Deane Osterman, director of natural resources for the Kalispel Tribe of Indians, said he expected the utility district’s appeal. The Box Canyon Dam reservoir occupies almost 500 acres of the Kalispel Indian Reservation. Osterman said he’d rather see the money spent over the last 10 years on consultants and attorneys used to address some of the environmental impacts of the dam.
“We could have moved forward years ago and been implementing mitigation measures,” Osterman said. “All it does it delay the time when that implementation is going to come due.”
The utility district wrote in a motion filed Friday with FERC that the fish passageway and other conditions could irreparably harm the district’s ratepayers.
“The District is not a large utility with millions or even hundreds of thousands of customers,” the district wrote in its motion for an emergency stay of certain licensing conditions. “Rather … the very viability of the county’s largest private employer, Ponderay Newsprint Company, is at risk, and should it close, all costs of relicensing will be directly passed on to the district’s remaining 7,000 customers with devastating economic consequences.”
If the company closed as a result of rate increases, the document continues, remaining customers likely would see rates rise by over 350 percent.

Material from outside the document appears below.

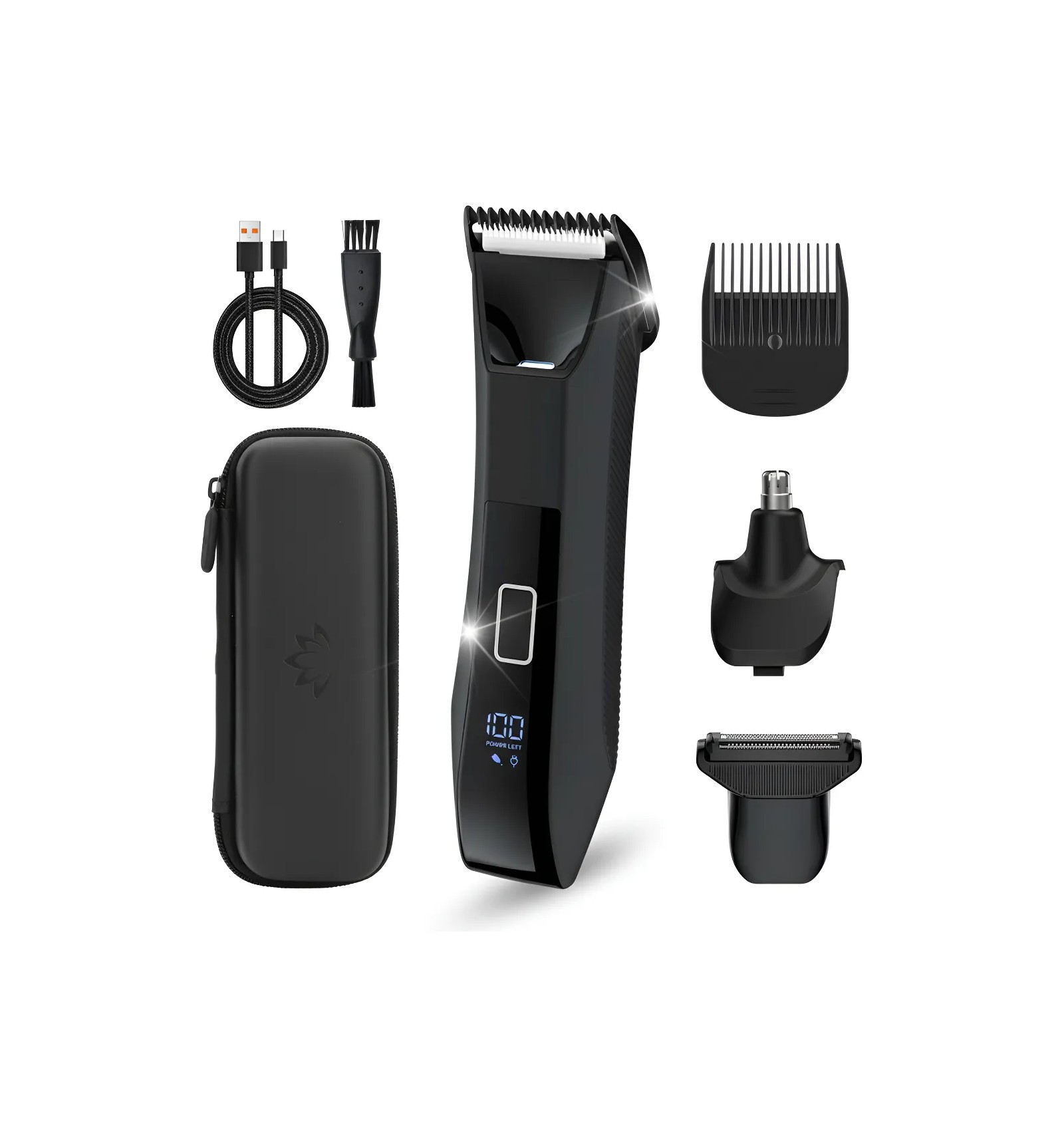 Incluye: Afeitadora principal, 3 cabezales intercambiables (recorte, vello corporal, nasal), peine guía, cable USB, estuche de viaje EVA.

The county could lose 671 jobs by 2010, nearly 15 percent of its total employment, the motion predicts. And personal income could fall by nearly $50 million, or over 13 percent, it said.
“These losses would be extremely difficult, if not impossible, for the Pend Oreille County economy to absorb because the county is already burdened by high unemployment, high poverty and low per capita income,” the motion said.